В вагоне было мало людей, а в том его конце, где я уселась, расположился у окна всего один пассажир — высокий черноволосый молодой человек в новом синем костюме. Не глядя на него, я принялась разбирать цветы, разложив их рядом с собой на скамье. Однако что-то мешало мне. С каждой минутой я все сильней ощущала досадное стеснение из-за того, что мой сосед не спускал с меня упорного, внимательного взгляда.

Я не отношусь к числу кисейных барышень-недотрог, которых приводит в панику возможность остаться наедине с молодым человеком. Меня совершенно не волнует такое положение. Подруги называют меня ледышкой, потому что я никем еще не увлекалась, в то время как все они уже были влюблены и даже не раз. Конечно, они не правы, я не ледышка и не сухарь. Просто я мало думаю о тех пустяках, которые они принимают за серьезные увлечения. По-моему, любовь — это большое и прекрасное чувство, и играть в нее — это все равно, что кощунствовать над святыней.

У меня много знакомых студентов, с некоторыми из них я дружна, два-три мне очень нравятся. Уж не раз мне говорили о любви, было приятно слушать, не скрою, но сердце у меня ни разу не забилось ответным чувством.

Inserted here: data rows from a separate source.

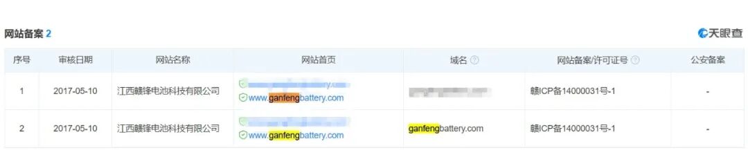 在研究赣锋的储能电池业务时,还有一个小插曲,天眼查显示,赣锋锂电有两个官网的网址: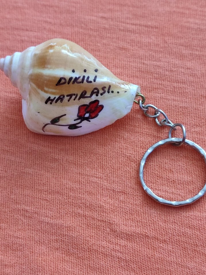 Üzerinde "Dikili Hatırası" yazısı ve kırmızı çiçek çizimi bulunan deniz kabuğundan yapılmış renkli anahtarlık. Zincir detayı vardır, bohem ve retro tarzına uygundur.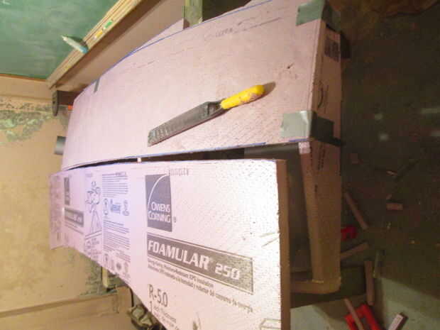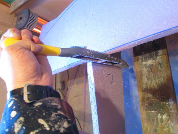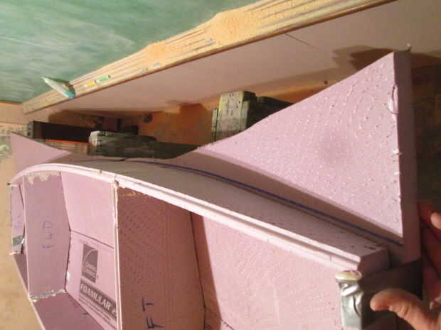 Luego utilicé una sierra de panel de yeso para recortar los bordes de los paneles de fondo que quedaron sin cortar cuando corte los paneles laterales. dejando una pequeña repisa extra espuma para el ajuste final. Este es el momento de comprobar la forma del bisel donde se unen los lados y la parte inferior...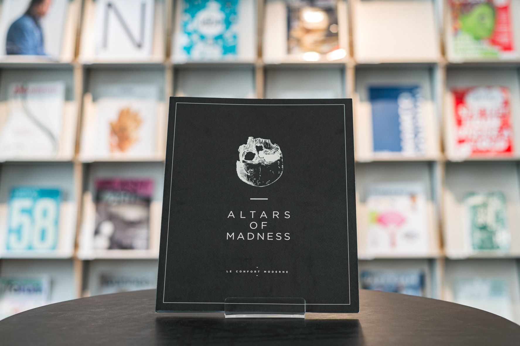 Altars of Madness est un catalogue publié dans le cadre des deux expositions du même titre présentées au Casino Luxembourg (19.05 – 15.09.2013) et au Confort Moderne Poitiers (28.09 – 15.12.2013). La publication consiste en deux volumes explorant les notions d’extrême, de « underground », ainsi que les liens entre art contemporain et metal extrême.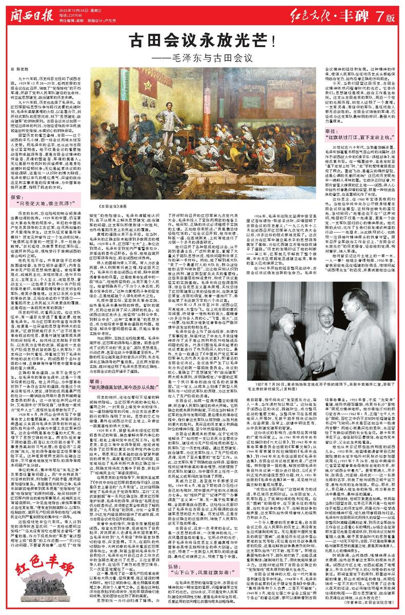 1936年,毛泽东在陕北窑洞中接受美国记者埃德加·斯诺采访时,深情回顾了古田会议的历史意义:“一九二九年十二月在闽西召开红四军第九次党代表大会以后,许多这样的弱点都被克服了。这次会议为在红军中建立高水平的思想领导奠定了基础,为在江西建立苏维埃政权铺平了道路。”历史的发展印证了他的判断——第二年,红军就几乎解放了整个赣南,中央苏区根据地迅速建立起来,革命的星火已成燎原之势。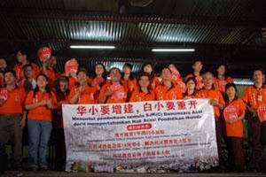 全场出席者更在司仪的号召下,举起扇子,一齐站起来4次高喊“华小要重建,白小要重开!”,把现场气氛冲到最高点。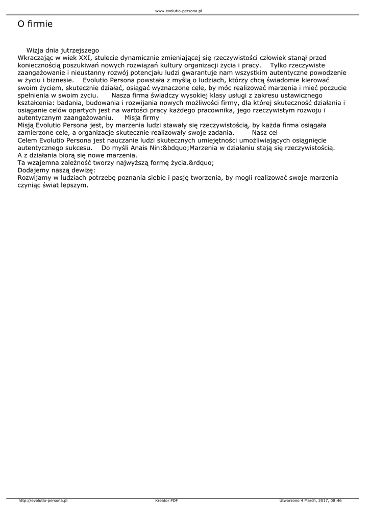 www.evolutio-persona.pl O firmie Wizja dnia jutrzejszego Wkraczając w wiek XXI, stulecie dynamicznie zmieniającej się rzeczywistości człowiek stanął przed koniecznością poszukiwań nowych rozwiązań kultury organizacji życia i pracy. Tylko rzeczywiste zaangażowanie i nieustanny rozwój potencjału ludzi gwarantuje nam wszystkim autentyczne powodzenie w życiu i biznesie. Evolutio Persona powstała z myślą o ludziach, którzy chcą świadomie kierować swoim życiem, skutecznie działać, osiągać wyznaczone cele, by móc realizować marzenia i mieć poczucie spełnienia w swoim życiu. Nasza firma świadczy wysokiej klasy usługi z zakresu ustawicznego kształcenia: badania, budowania i rozwijania nowych możliwości firmy, dla której skuteczność działania i osiąganie celów opartych jest na wartości pracy każdego pracownika, jego rzeczywistym rozwoju i autentycznym zaangażowaniu. Misja firmy Misją Evolutio Persona jest, by marzenia ludzi stawały się rzeczywistością, by każda firma osiągała zamierzone cele, a organizacje skutecznie realizowały swoje zadania. Nasz cel Celem Evolutio Persona jest nauczanie ludzi skutecznych umiejętności umożliwiających osiągnięcie autentycznego sukcesu. Do myśli Anais Nin:„Marzenia w działaniu stają się rzeczywistością. A z działania biorą się nowe marzenia. Ta wzajemna zależność tworzy najwyższą formę życia.” Dodajemy naszą dewizę: Rozwijamy w ludziach potrzebę poznania siebie i pasję tworzenia, by mogli realizować swoje marzenia czyniąc świat lepszym. http://evolutio-persona.pl Kreator PDF Utworzono 4 March, 2017, 08:46
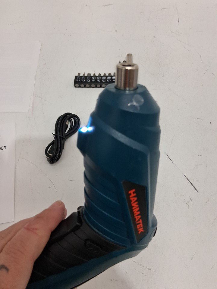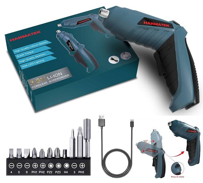 hanmatek cordless electric screwdriver - rotates 90 and 180 degree with rechargeable battery and led light - Blue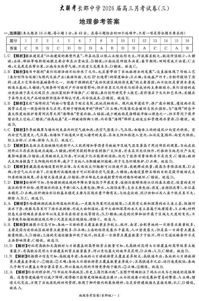 长郡中学2026届高三月考试卷(三)地理答案.pdf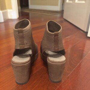 Suede-covered heel; leather outsole with rubber microinjected for comfort, flexibility, and traction.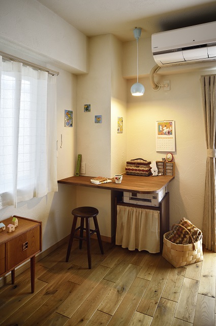 LDKの一角には既存の柱型を活かしてワークスペースを造作。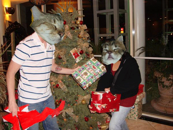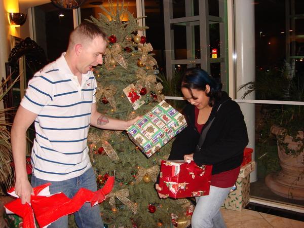 My best friend and I opening 'pretend' presents that were under a christmas tree in a hotel in LA. Everytime we unwrapped one of the empty boxes, there was more wrapping underneath.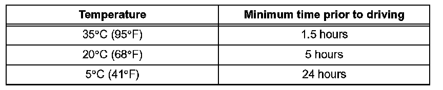 NOTICE: Do not drive the vehicle for the amount of time written in the table below.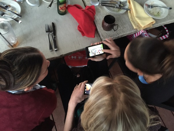 While they were waiting for their food to arrive, the women took turns showing off their cell phones.

Я сама не знаю, почему об этом пишу. Может быть, для того, чтобы лучше понять и еще раз почувствовать то ощущение, которое я испытала, встретив устремленный на меня взгляд черных блестящих глаз этого человека в вагоне. Тогда меня охватили и робость, и смущение, и чувство какой-то беззащитности. Никогда ничей взгляд не действовал на меня так.

Он сидел передо мной, крепкий, красивый, загорелый, с мальчишеским чубиком волос над умным, добрым лбом, и хотя его глаза смотрели дружески, но узкие губы под черными коротко подстриженными усами улыбались, как мне казалось, насмешливо.

Но вдруг все это наваждение исчезло, и мое смущение рассеялось, как сон. Я даже вздохнула свободней. Передо мной был мой старый знакомый, Дима Карачаров, товарищ Радия по школе. Годы, а главное усы так изменили его, что я не сразу узнала. Теперь я могу признаться, что когда-то он мне очень нравился и только его невероятная застенчивость помешала нам ближе познакомиться. Однако, прощаясь со мной, он сказал несколько таких слов, которые я не раз с нежностью вспоминала.

Мне очень мало пришлось встречаться и говорить с ним, но зато я много слышала о нем от Радия и от няни Саши, которая когда-то нянчила его и после была очень дружна с его родителями. Но не только рассказы няни и брата заставили меня ценить и уважать Дмитрия. Я видела, какое доброе влияние он оказывал на Радия. Только он один был в состоянии усмирять дикие фантазии моего брата, заставлять его учить уроки, читать. Не раз Радий в покаянные минуты признавался, что только Дмитрий умел вовремя одернуть его, сбить с него спесь. Особенно остро почувствовала я это, когда их пути разошлись. Без постоянной, дружески направляющей руки наш слабовольный Радий стал выпивать, бездельничать, и теперь не знаю, чем это может кончиться.

Увидев Дмитрия, я сразу вспомнила, как прекрасно он влиял на Радия, и подумала, что если бы брат мог опять опереться на его твердую руку, то был бы спасен.

Боюсь, что от радостной надежды, которую вдохнула в меня эта мысль, я вела себя с Дмитрием недостаточно сдержанно, много говорила, смеялась. Но я уверена, что если Дмитрий остался хоть чуточку прежним, то не осудит. Мне очень хочется верить, что он поможет нам. Он, наверное, и теперь такой же хороший и добрый. Я, как сейчас, вижу перед собой его глаза. Это глаза настоящего, верного друга.